Part V: Hard Problems

These four chapters have a thematic connection: for the first time in this book, the problems we discuss are too hard to solve in a large graph, even with the aid of a computer.

Chapter 17 is about Hamilton cycles: cycles that pass through every vertex of a graph. The Hamilton cycle problem is one I am personally very fond of, and it might also be said to be one of the oldest problems in graph theory. We will start from knight’s tours of chessboards and end with degree conditions sufficient to guarantee the existence of a Hamilton cycle.

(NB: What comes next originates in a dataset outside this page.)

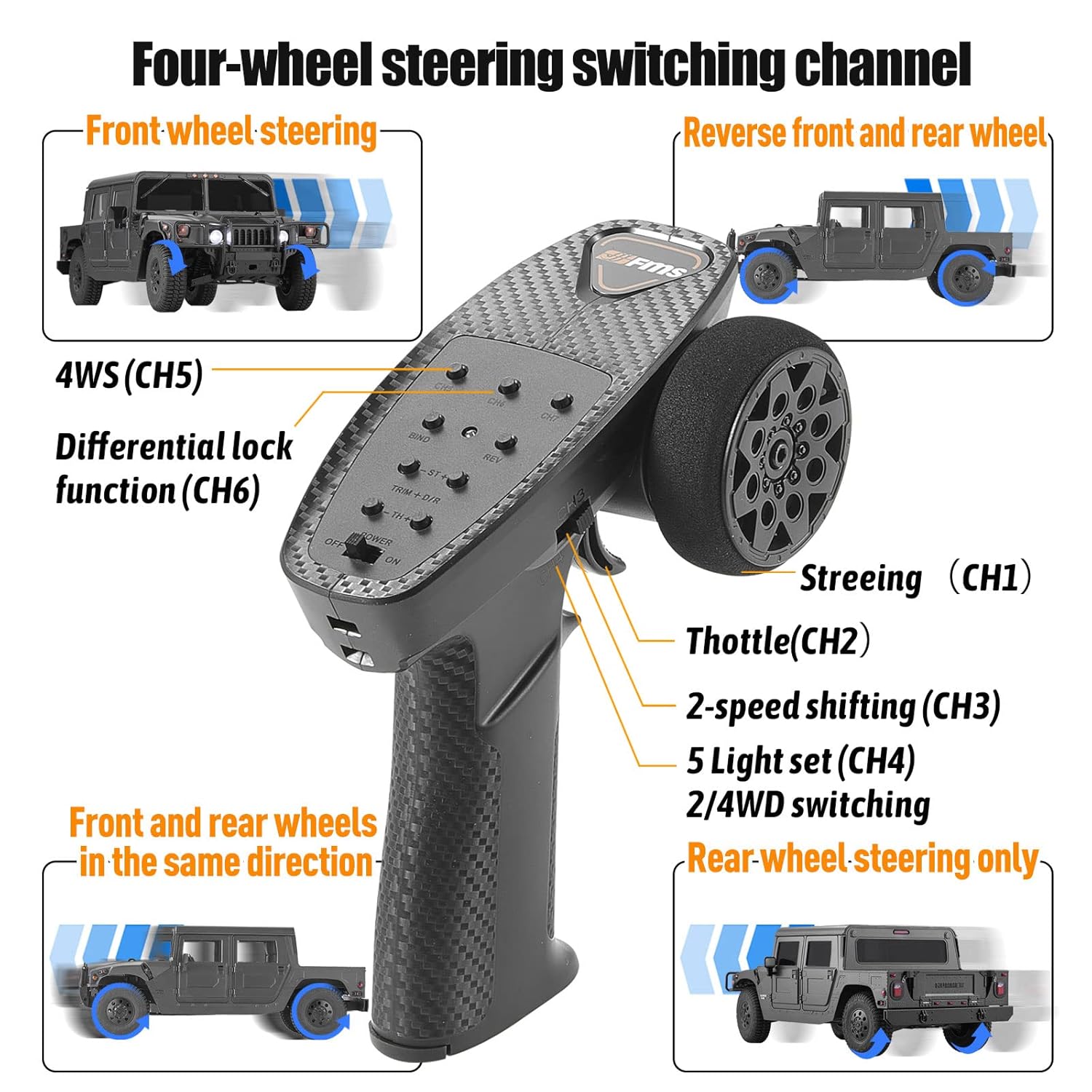 - The HUMMER H1 also has a full metal gear-set and 47 ball-bearings. We have included the rear wheel steering as an additional hidden function, so you now have a total of 4 steering modes! The extra mode, which can reduce the steering radius by 50%, is ideal in confined spaces.

Chapter 18 is about two opposite notions: cliques (sets of vertices that are all adjacent) and independent sets (sets of vertices with no edges between them). These are interesting objects in their own right, but we will also see the proof of Ramsey’s theorem, which tells us a bit about the relationship between them.

Chapter 19 introduces the graph coloring problem. (It was historically first used for coloring maps, but you will have to wait until Chapter 24 for that application.) We will see lower and upper bounds, algorithms that sometimes achieve them. We will look at examples in which the bounds are very very good, and examples in which they are horrid.

In Chapter 20, we will make all the hard problems easy. We will do this by looking at line graphs. Solving a “vertex” problem in a line graph is equivalent to solving an “edge” problem in a different graph, which will reveal connections between the hard problems introduced in the previous three chapters, and easier problems that we looked at earlier in this book.